Memory Scrub Verification Tool

The Memory Scrub Verification (MSV) is a tool designed to ensure that the HBM on the Gaudi device is properly scrubbed during the boot process. Memory scrubbing is crucial in a Hypervisor environment to guarantee that the device is clean of any residual data left by previous usage. This ensures that your workloads are secure and isolated from others, preventing exposure to potentially sensitive information.

The MSV should be executed by the Hypervisor after the previous machine has been destroyed and all Gaudi 3 devices have completed their boot process. This should occur before the kernel-mode driver is loaded.

This section explains how to integrate MSV into your system, covering the process of installing the tool, building the source code and incorporating the executable into the Hypervisor workflow.

Options and Usage

The following table lists the available MSV options and their usage to help you effectively configure the tool for your specific needs.

Note

Make sure to unload the driver before using MSV.

Example:

$ sudo hbm_scrubbing_validator -busId 0000:09:00.0  -num_of_samples 1000 -sample_size 2 -o /home/user/failed_addresses.txt

Option

Description

-num_of_samples <int>

Number of samples to validate. Must be greater than 0. Default is 1. A sample is a logical block of Gaudi 3 HBM memory the size of the sample is defined by 128GB/num_of_sample (128GB is the Gaudi 3 HBM size).

-sample_size <int>

Number of subsequent addresses to validate in each sample. Must be greater than 0. Default is 1. Specifies how many consecutive addresses to verify from within each sample. For example, specifying 4 will check 4X128b patches within each sample.

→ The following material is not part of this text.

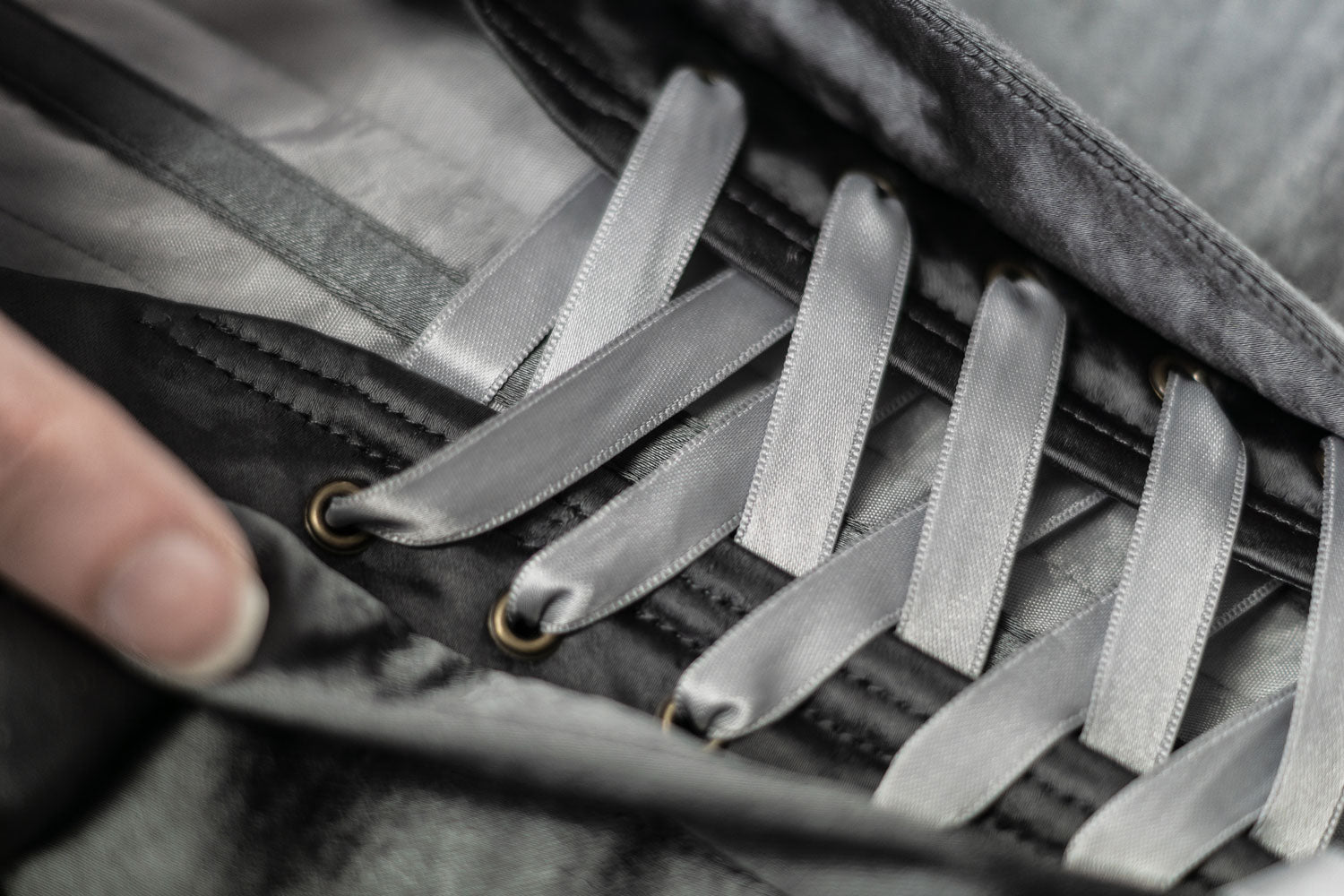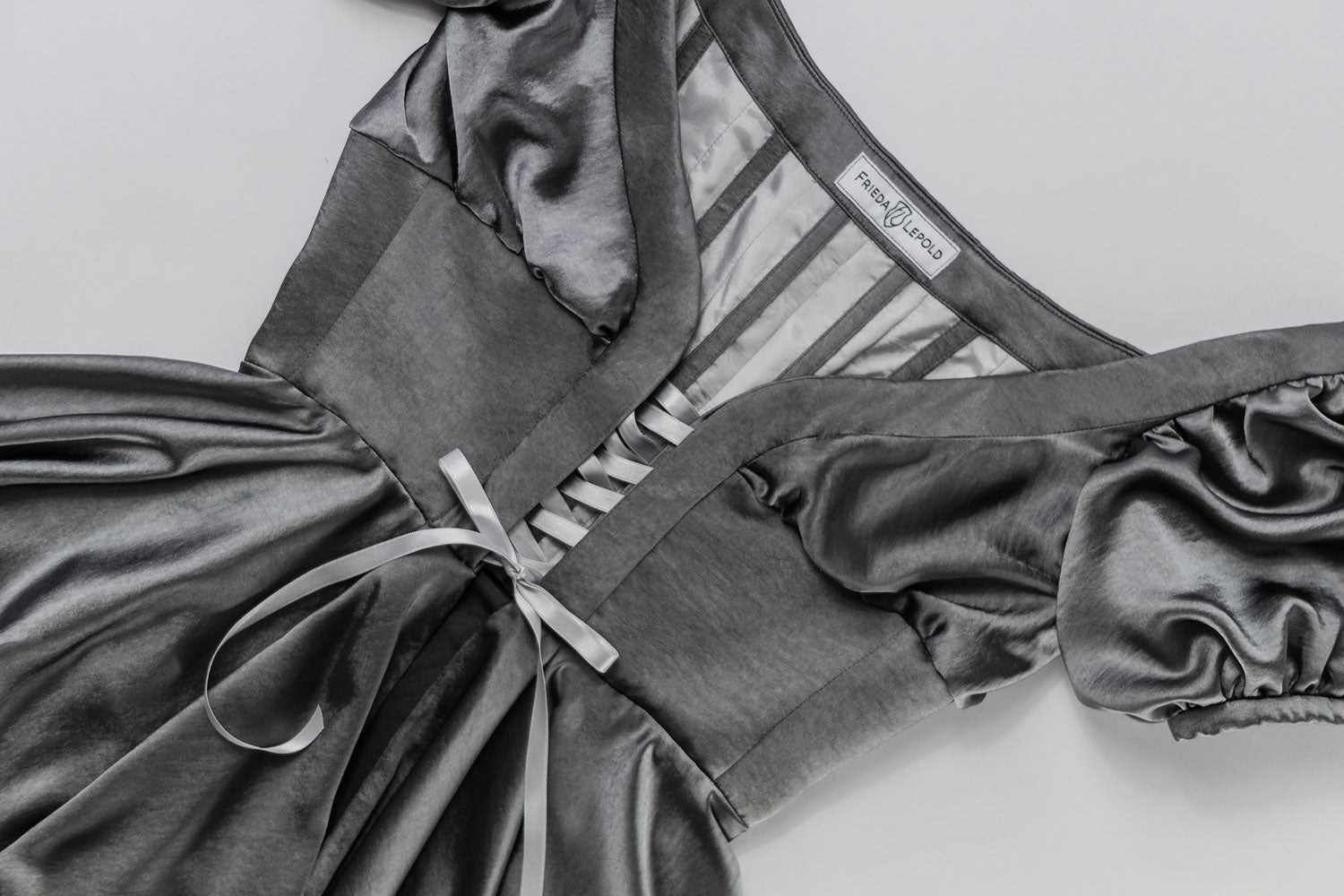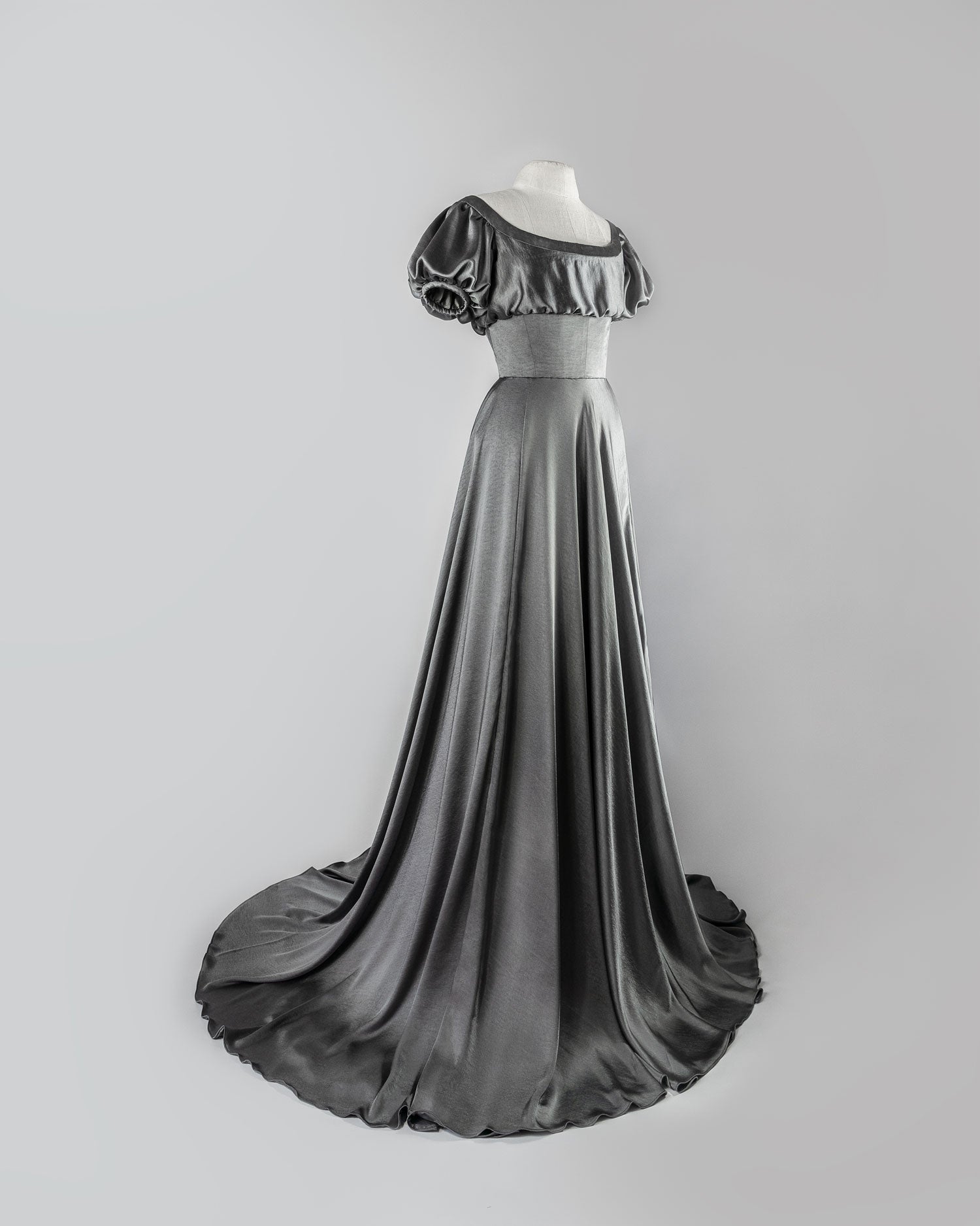 This dress is inspired by the tunics and dresses from ancient times, often seen on stone angel statues. Sewn from a flowing gray fabric, the dress has a low back neckline, short sleeves, and a wide long skirt.

-status_read_retries <int>

Number of retries until boot is complete. Default is 12 (each retry takes 5 seconds). The HBM scrubbing tool is operated by the Hypervisor system which needs to know that the tested devices already finished the boot stage. This parameter defines how many retries to perform to validate the boot process.

-o <str>

Path to the output file that will contain the addresses which failed validation. This parameter defines the path to the file which will contain offending addresses met during testing of the device.

Output examples:

  • Success output example:

    $ sudo hbm_scrubbing_validator -busId 0000:09:00.0 -num_of_samples 10000 -sample_size 4
    The boot process is complete, going to validate hbm scrubbing.
    Number of failed reads: 0
    
  • Failure output example:

    $ sudo hbm_scrubbing_validator -busId 0000:21:00.0 -num_of_samples 100000 -sample_size 8 -o /root/logs/failed_addresses.txt
    The boot process is complete, going to validate hbm scrubbing.
    Number of failed reads: 32
    

    The MSV writes the failed validation addresses to ‘/root/logs/failed_addresses.txt’ as follows:

    $ cat /root/logs/failed_addresses.txt
    2010000000184f0
    2010000000184f4
    2010000000184f8
    2010000000184fc
    201000000018500
    201000000018504
    .....